The Clinical Landscape of ESCC
Esophageal squamous cell carcinoma remains one of the most lethal malignancies worldwide. It is particularly prevalent in parts of Asia, sub-Saharan Africa, and certain regions of South America, where it represents a significant public health burden. The disease is frequently diagnosed at a late stage, as early symptoms such as difficulty swallowing and weight loss often go unrecognized.
In recent years, the treatment landscape for metastatic ESCC has modestly improved, particularly with the introduction of immune checkpoint inhibitors targeting PD-1/PD-L1 pathways. However, while these immunotherapies have shown some survival benefit in the first-line setting, a majority of patients eventually progress, leaving clinicians with few effective second-line options.
Standard second-line treatments typically include cytotoxic chemotherapy agents such as paclitaxel, irinotecan, or docetaxel, which are often associated with modest efficacy and significant toxicity. The lack of targeted therapies has contributed to the poor prognosis in this setting, underscoring the need for more precise and effective treatment modalities.
Targeting B7-H3: A Promising Therapeutic Strategy
Ifinatamab deruxtecan’s mechanism of action centers around targeting B7-H3, a member of the B7 family of immune regulatory proteins. B7-H3 is overexpressed in various cancers and has been associated with poor prognosis, increased tumor aggressiveness, and immune evasion. Its limited expression in normal tissues makes it an attractive target for ADC-based approaches.
By linking a humanized monoclonal antibody that specifically binds B7-H3 with a potent topoisomerase I inhibitor payload via a cleavable linker, ifinatamab deruxtecan delivers its cytotoxic agent directly to the tumor site. This targeted approach is designed to minimize systemic toxicity and enhance therapeutic efficacy.

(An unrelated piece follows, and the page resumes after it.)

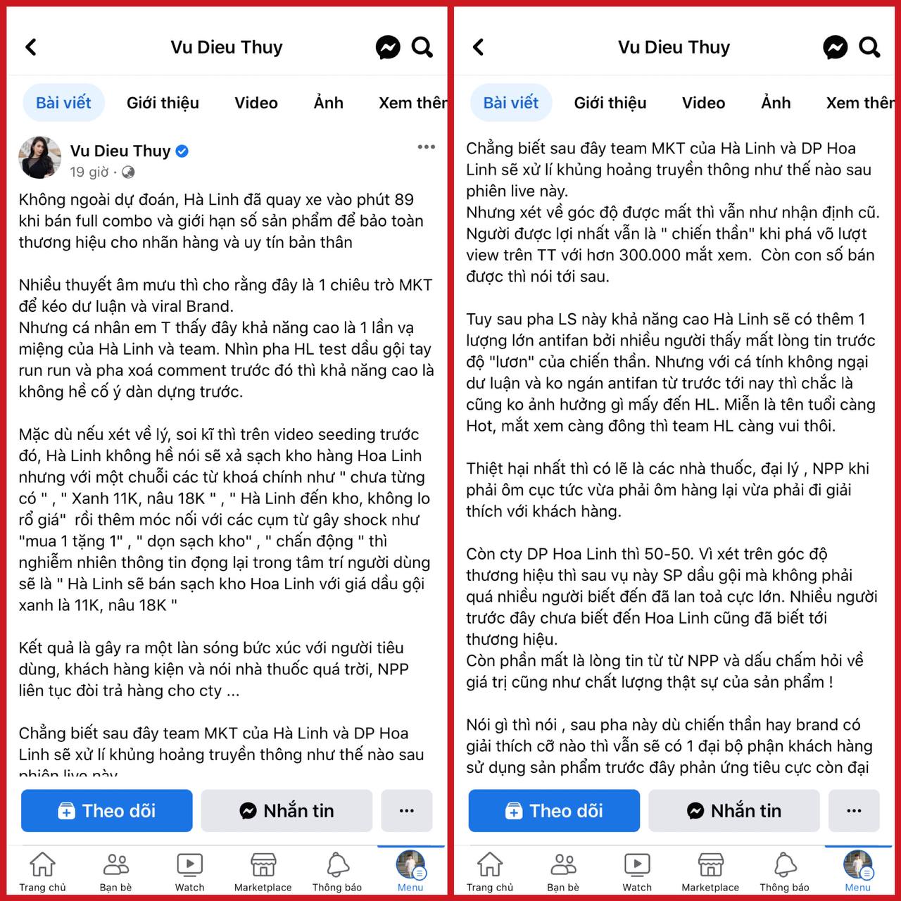 Nguồn cơn của sự bực tức này xuất phát từ bài viết dài của Diệu Thúy được đăng tải vào hôm qua (4/4), phân tích theo góc nhìn cá nhân về việc "Hà Linh quay xe vào phút 89 khi bán full combo và giới hạn số sản phẩm để bảo toàn thương hiệu cho nhãn hàng và uy tín cho bản thân". Nữ doanh nhân còn đưa ra thuyết âm mưu, cho rằng đây là chiêu trò marketing để câu kéo dư luận và tăng độ nhận diện, phủ sóng cho nhãn hàng.

Preclinical studies have demonstrated the agent’s potential to induce apoptosis in B7-H3-positive tumor cells, and early-phase clinical data have further validated its activity, particularly in heavily pretreated solid tumors. The ongoing IDeate-Esophageal01 trial represents the first large-scale test of its efficacy and safety in a pivotal trial setting specific to ESCC.
With the launch of IDeate-Esophageal01, Daiichi Sankyo and Merck aim to address a critical gap in the treatment of advanced ESCC. Should the trial confirm the promising data seen in earlier studies, ifinatamab deruxtecan could become a much-needed therapeutic option for patients who have exhausted standard treatment avenues.
Beyond ESCC, the development of ifinatamab deruxtecan may have implications for other B7-H3-expressing solid tumors. The broader IDeate clinical program is evaluating the drug’s potential across a variety of malignancies, further positioning it as a key asset in the evolving oncology pipelines of both companies.
This collaborative effort underscores a growing trend in oncology research—partnerships between pharmaceutical companies aimed at accelerating the development of novel therapies. As Daiichi Sankyo and Merck push forward with their joint ADC programs, patients suffering from hard-to-treat cancers may soon benefit from the next generation of precision medicines.
For now, the industry and clinical community will watch closely as the IDeate-Esophageal01 trial progresses, with the hope that it will usher in a new era of treatment for advanced ESCC and set a precedent for future ADC therapies in other challenging cancer types.